Other Benefits of Camphor Oil
Camphor oil is sometimes used in cases of heart failure, along with other medicines. It is also effective for the treatment of epilepsy, viral illnesses like coughs and colds, measles, flu, food poisoning, and urinary infections.
How to Make Camphor Essential Oil
A camphor tree has to be at least 50 years old before a steam distillation process can be carried out on it because a less mature tree might not be able to withstand the rigorous extraction process. The essential oil is extracted through steam from the tree’s chipped wood, root stumps and branches. It is then subjected to vacuum pressure and filter pressed.
During the distillation process, the three fractions of the camphor oil are separated. White camphor separates first as it has the lowest boiling point of the fractions, then the brown follows, with the yellow oil appearing last. Yellow and brown camphor oil contain a compound called safrole which is known to be a toxic carcinogen.
How Can You Use Camphor Oil?
Camphor oil blends really well with basil, chamomile, lavender and melissa oil.
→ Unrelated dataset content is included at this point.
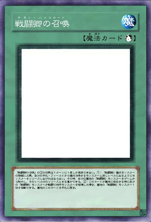 | 「戦闘卿の召喚」の②の効果は1ターンに1度しか使用できない。①:「戦闘卿」儀式モンスターの降臨に必要。自分の手札・フィールドから儀式召喚するモンスターと同じレベルになるようにモンスターをリリースしなければならない。その時、自分の墓地の「戦闘卿」モンスターをゲームから除外し、そのレベル分のリリースとする事ができる。②:このカードが墓地に存在する時に自分の「戦闘卿」モンスターが戦闘で相手モンスターを破壊した場合、墓地の「戦闘卿」モンスター1体を発動できる。墓地のこのカードを手札に戻す。 | |||

To use camphor essential oil therapeutically:
- Add it to your bath: Add 2-3 drops of camphor oil to your bath and soak for 10 minutes.
- Use it as a decongestant: To relieve congestion from colds and coughs, add 2-3 drops of camphor oil to a diffuser or you can dilute it with lavender or olive oil and rub it on your chest to relieve stuffiness.
- Use it in massage: Mix 5 drops of camphor oil with a teaspoon of grapeseed, hazelnut, or olive oil, and massage it into to the affected area for relief of muscle aches and tension.
- Use it to repel insects: This essential oil is a very effective insect repellent. Soak some pieces of cloth with the camphor oil, place it strategically outside your house, and let the aroma deter the bugs.
Camphor Essential Oil Safety
Children have more sensitive skins, so this oil should not be used on them. Prior to using any oil yourself, always dilute it with a suitable carrier oil and do a skin patch test to check for a reaction.
Camphor oil, or products where the oil is listed as an ingredient, should not be applied on open wounds or burns. It can interrupt sleep due to stimulating effects too, so don’t use it too close to bedtime.
People with asthma or epilepsy, and children and pregnant women, should not use camphor oil as there is no sound evidence about its safety for these groups. At the very least, speak to your doctor before you use an essential oil to check that it’s appropriate for you to use.
Possible Side Effects of Camphor Oil
It’s important to note that the yellow and brown versions of camphor oil are very toxic, and they can event be fatal at times. Even standard camphor oil can be dangerous to ingest too, and it can cause nausea, vomiting, and a burning sensation in the mouth and throat. It is also known to cause damage to the liver.